Index Nav: [Date Index] [Subject Index] [Author Index] [Thread Index]
Message Nav: [Date Prev] [Date Next] [Thread Prev] [Thread Next]
Other format: [Raw text]

Re: Help! PR18908 vs. PR23522 vs. Ada subtypes?


On Tue, 2006-03-28 at 10:52 -0700, Roger Sayle wrote:
> It's tree-ssa's structure sharing assumptions that screw this up.
> The new low-level fold_binary interface and the fact that fold
> (should) never modify its arguments means that ideally in the example
> above you could just do.
> 
> 	t = fold_binary (EQ/NE/GT/whatever, type, (T2)a, C);
> 	if (t != NULL_TREE)
> 	  ...  /* fold_binary improved things.  */
> 
> With this interface fold doesn't allocate any memory unless its
> discovers an beneficial transformation.
> No taxation without an improved representation! :)
> 
> 
> The fly in the ointment is that tree-ssa, unlike fold, destructively
> modifies trees assuming that they are never shared.  One solution
> might be to copy_node on the result returned from fold_binary above.
> This will ensure that any remaining/reused pieces of (T)a and C are
> correctly unshared, with only a minor memory wastage.  Indeed, in
> tree-combine, the original stmts are often known to be dead following
> a rewrite, so typically you shouldn't need the tree copy at all.
Hmmm....

It seems to me that in the case where fold_binary returns a
gimple tree that any sharing must inherently already be safe.

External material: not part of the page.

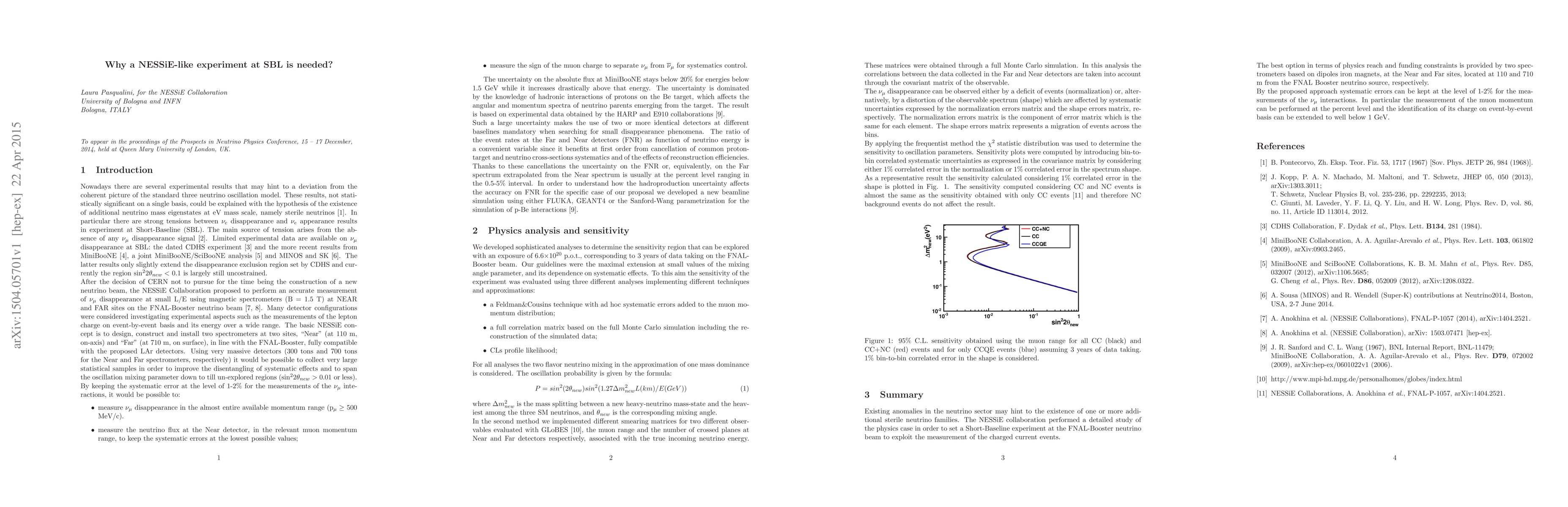 The NESSiE experiment aims to accurately measure muon-neutrino disappearance to explore beyond-three-neutrino models and potentially discover new neutrino oscillations. A similar experiment at SBL would resolve existing tensions in neutrino oscillation results and provide the most efficient path to studying neutrino physics at the eV mass scale.

Even if we pass in a shared (T2)a the only usable result we get
back is always of the form

a COND C

ie, the cast must always disappear for the result to be useful.
The toplevel node is always a new node, so no sharing there.  The
only things shared would be "a" and "C", which is definitely safe.

Hmm......

Jeff


Index Nav: [Date Index] [Subject Index] [Author Index] [Thread Index]
Message Nav: [Date Prev] [Date Next] [Thread Prev] [Thread Next]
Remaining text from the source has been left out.